Et ici, les bourges écolos vont acheter les chataignes bios alors que les bois en regorgent ... des fois je me dis que ...
Ecrit par : les marques du plaisir | 31.10.2006
merci à tous de la visite et des coms
oui, Amarula, les italiens sont craquants
jolies Viviane vos lignes sur les douleurs de l'enfance
Brigetoun, les italiens nous aiment, mais nous les agaçons, justement parce sur le plan artistique et culturel, depuis le néo rélisme italien c'est un peu le désert, chez nous aussi remarque bien, mais ils s'en rendent moins compte.
Les Marques du plaisir
le bourge écolo....pffffft!
Ecrit par : céleste | 31.10.2006
Céleste,
Il me tarde de te rejoindre bientôt...
Ton billet me met à la bouche une somptueuse soupe de châtaignes que ma grand-mère nous servait pour les soirées froides avec une cuillérée de crème fraîche et des croûtons frottés à l'aïl "maison".
Fermons-les yeux.
Avec toi et ta magie de réveiller les souvenirs endormis.
Bises ma belle.
Ecrit par : corinne | 31.10.2006
Rien à voir avec ton billet (que j'aime bien pour l'ambiance qu'il fait partager), c'est juste pour dire le plaisir que ça a été de découvrir ton blog (par l'intermédiaire de tes très justes réactions à l'article qui cherche à mettre face à face "jeunes" et "vieux", de manière assez révoltante).
De plus quelqu'un qui connaît Luc le bateleur est automatiquement quelqu'un de sympathique.
Merci, je m'abonne.
Ecrit par : Claudius | 31.10.2006
Je ne savais pas quoi manger pour faire passer la pizza à la banane de hier soir : j'ai trouvé dans ma cuisine une petite soupe aux Chataignes... Ben avec une louche d'huile d'olives de Nyons, ça fera la Rue Michel.
C'est beau encore ces photos... On passe de l'Inde à des quartiers d'Italie qui rappellent les vacances calmes et sympathiques, avec en plus les couleurs de l'automne qui donnent une petite touche "Heidi" bien sympathique...
Bah, les Italiens nous ont battu en foot, mais c'est un beau pays, un peuple latin que j'aime bien, un pays que j'aime bien. On y mange bien, on y passe de bons moments, merci de nous les faire partager.
Allez, je vais déjeuner. Salut ^___^
Ecrit par : Falconhill | 01.11.2006
@Claudius
bienvenue sur mon blog et merci de ton com!
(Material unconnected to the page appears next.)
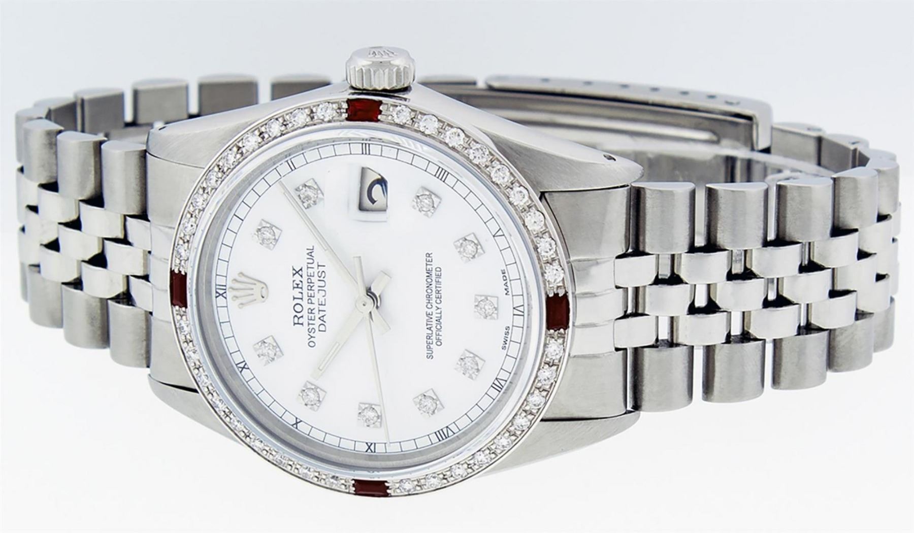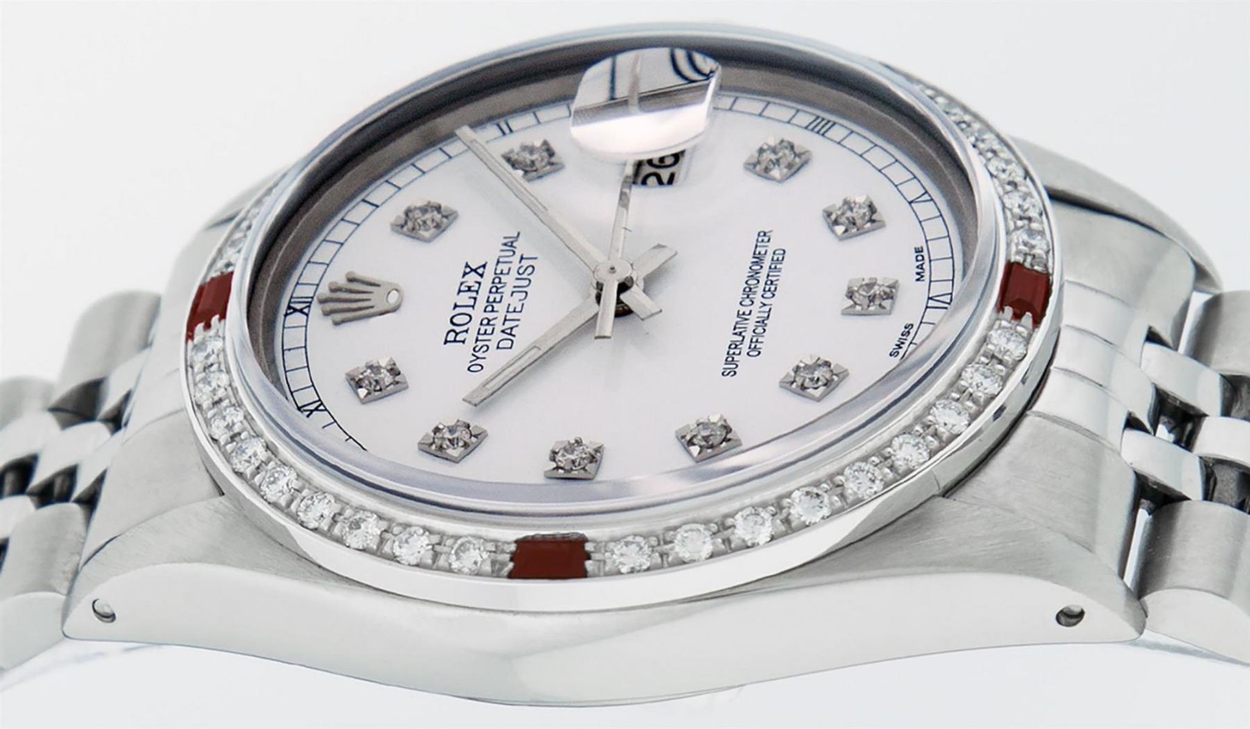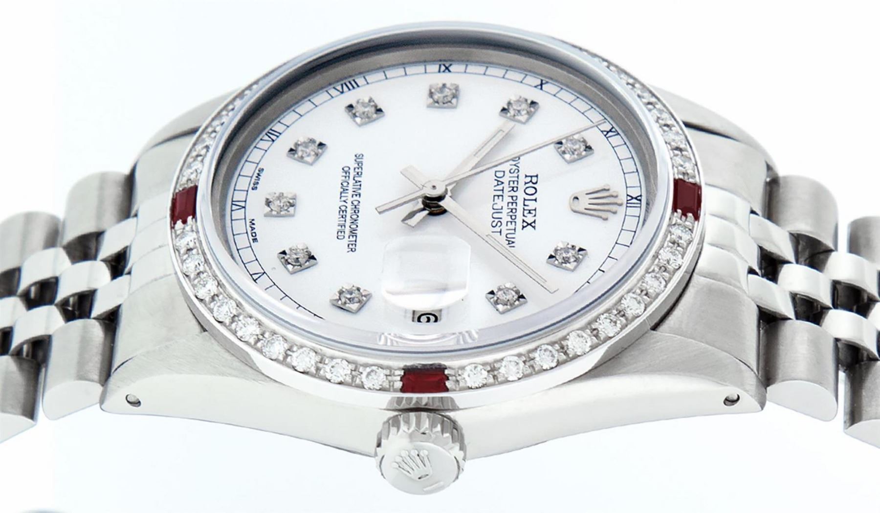 One Mens Stainless Steel Rolex Datejust Polished, Serviced & Electronically Tested, Stainless Steel Case: 36mm, Stainless Steel Crown, Custom Bezel: New 18K White Gold Ruby Beadset Diamond Bezel, Diamond + Gem Count: 36 Diamonds + 4 Rubies, Total Weight 1.00 Carat, Clarity: SI-VS, Color: G to H. Custom Crystal: New Scratch Resistant Synthetic Sapphire Cyclops Lens. Custom Hands: New Luminescent Hands. Movement: Automatic Winding Movement Caliber 3035. Custom Dial: White Diamond Dial With Roman Track, 10 Diamonds in Dial, G To H In Color, Clarity: SI-VS. Date Window: 3 O'Clock Position Date Display, Quickset, Model: Datejust. Condition: G-6 Extra Fine. Bracelet: Stainless Steel Jubilee Band. Bright Polish & Satin Finish. 7.0 Inch Length, Adjustable. Standard Clasp, With Rolex Logo. This Watch Has Been Serviced Time Tested And Is In Excellent Condition It Is Free Of All Scratches And Dents.

je suis contente que tu aies lu et apprécié tous les coms que j'ai laissé sur l'article dont tu parles, sur les blogs, on ne sait pas pour qui on écrit;
Tu sais je ne connais Luc que virtuellement, mais j'aime beaucoup ce qu'il écrit et de temps à autre il laisse un com chez moi..
à bientôt j'espère
Ecrit par : céleste | 01.11.2006
euh ... pizza à la banane ??????? c'est américain ça ???? des fois j'ai peur ....
Ecrit par : les marques du plaisir | 01.11.2006
@Marque du plaisir : c'est un dessert, et c'est trééééééééééés lourd.. (j'ai eu peur aussi, mais le pire c'est que ça se mange... depuis ma balance me fait la gueule, et mes pantalons aussi, mais c'est secondaire ^^)
Ecrit par : Falconhill | 01.11.2006
@Falconhill
impossible de poster chez toi, c'était juste pour te dire: t'as raison te bile pas, prends les bons côtés de la vie, il y en a plein.